Baca Juga : Percepat Pembangunan Infrastruktur, Pemkot Surabaya Kolaborasikan APBD dan Sumber Pendanaan Alternatif
Berdasarkan daerah tempat tinggal, gini ratio daerah perkotaan pada September 2024 tercatat sebesar 0,388. Angka ini naik sebesar 0,001 poin dibanding gini ratio Maret 2024 yang sebesar 0,387.
"Untuk daerah perdesaan gini ratio September 2024 tercatat sebesar 0,332. Angka ini naik sebesar 0,007 poin dibanding Maret 2024 yang sebesar 0,325," sebut BPS Jatim.
BPS Jatim mencatat, dari tahun ke tahun gini ratio di Jatim mengalami naik turun. Pada Maret 2013, gini ratio Jatim tercatat sebesar 0,364 dan terus meningkat hingga mencapai angka tertinggi pada Maret 2015, yaitu sebesar 0,415.
Pada periode September 2015 nilai gini ratio mulai turun menjadi 0,403, kemudian pada September 2017 meningkat kembali menjadi sebesar 0,415. Lalu, nilai gini ratio pada Maret 2018 turun menjadi sebesar 0,379, dan cenderung mengalami tren penurunan menjadi sebesar 0,364 pada September 2021, kemudian kembali naik menjadi sebesar 0,371 pada Maret 2022.
Selain gini ratio , indikator lain yang dapat menggambarkan tingkat ketimpangan pengeluaran adalah Indeks Theil dan Indeks-L. Indeks Theil lebih sensitif melihat perubahan distribusi pengeluaran penduduk pada kelompok atas (penduduk kaya), sedangkan Indeks-L lebih sensitif melihat perubahan distribusi pengeluaran penduduk pada kelompok bawah.
BPS Jatim menyebut, berdasarkan angka Indeks Theil selama Maret 2024-September 2024 terjadi kenaikan dari 0,265 menjadi 0,279. Ini menunjukkan bahwa ketimpangan penduduk pada kelompok atas (penduduk kaya) semakin melebar.
Berdasarkan Indeks-L untuk periode Maret 2024-September 2024 juga terjadi kenaikan dari 0,223 menjadi 0,227. Untuk Indeks-L di perkotaan naik dari 0,240 menjadi 0,244 yang berarti ketimpangan penduduk di kelompok bawah semakin besar di perkotaan.
"Demikian pula untuk wilayah perdesaan terjadi kenaikan Indeks-L dari 0,170 menjadi 0,177, hal ini berarti bahwa distribusi pengeluaran penduduk pada kelompok bawah cenderung melebar," papar BPS Jatim.

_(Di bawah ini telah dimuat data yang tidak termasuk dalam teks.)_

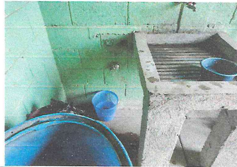
Foto 2: Solo existe un lavadero con un tonel al lado que funciona como lavamanos y pila, por lo tanto necesita ser cambiado por lavamanos y pila adecuados para su uso.

Baca Juga : Menteri PU Minta Stadion Kanjuruhan Tak Dibandingkan Secara Nominal: Ada Sejarah yang Harus Dijaga
Kondisi ini sejalan dengan kenaikan angka gini ratio baik di wilayah perkotaan maupun perdesaan selama Maret 2024-September 2024. Lebih lanjut, BPS Jatim juga mengungkap persentase pengeluaran pada kelompok penduduk 40 persen terbawah atau yang dikenal dengan ukuran Bank Dunia, sebagai ukuran ketimpangan lain yang sering digunakan.
Berdasarkan ukuran ini, tingkat ketimpangan dibagi menjadi 3 kategori. Yaitu tingkat ketimpangan tinggi jika persentase pengeluaran kelompok penduduk 40 persen terbawah angkanya di bawah 12 persen, ketimpangan sedang jika angkanya berkisar antara 12–17 persen, serta ketimpangan rendah jika angkanya berada di atas 17 persen.
"Pada September 2024, persentase pengeluaran pada kelompok 40 persen terbawah adalah sebesar 18,94 persen. Ini berarti menurut tingkat ketimpangan ukuran Bank Dunia, Provinsi Jawa Timur berada pada kategori ketimpangan rendah. Persentase pengeluaran pada kelompok 40 persen terbawah pada bulan September 2024 ini naik 0,25 poin jika dibandingkan dengan kondisi Maret 2024 yang sebesar 18,69 persen," tandas BPS Jatim.
Jika dibedakan menurut daerah, pada September 2024 persentase pengeluaran pada kelompok penduduk 40 persen terbawah di daerah perkotaan adalah sebesar 18,41 persen. Sementara persentase pengeluaran pada kelompok penduduk 40 persen terbawah di daerah perdesaan tercatat sebesar 20,63 persen. Meskipun mengalami kenaikan, menurut kriteria Bank Dunia,baik daerah perkotaan maupun perdesaan Jatim masih termasuk ketimpangan rendah.
Dalam periode Maret 2024-September 2024, persentase pengeluaran pada kelompok penduduk 40 persen terbawah baik di perkotaan maupun perdesaan cenderung naik.
Namun demikian, kenaikan persentase pengeluaran pada kelompok penduduk 40 persen terbawah di perkotaan cenderung lebih tinggi dibandingkan dengan wilayah perdesaan. Hal ini menunjukkan bahwa ketimpangan di perkotaan lebih tinggi dibandingkan dengan ketimpangan di perdesaan.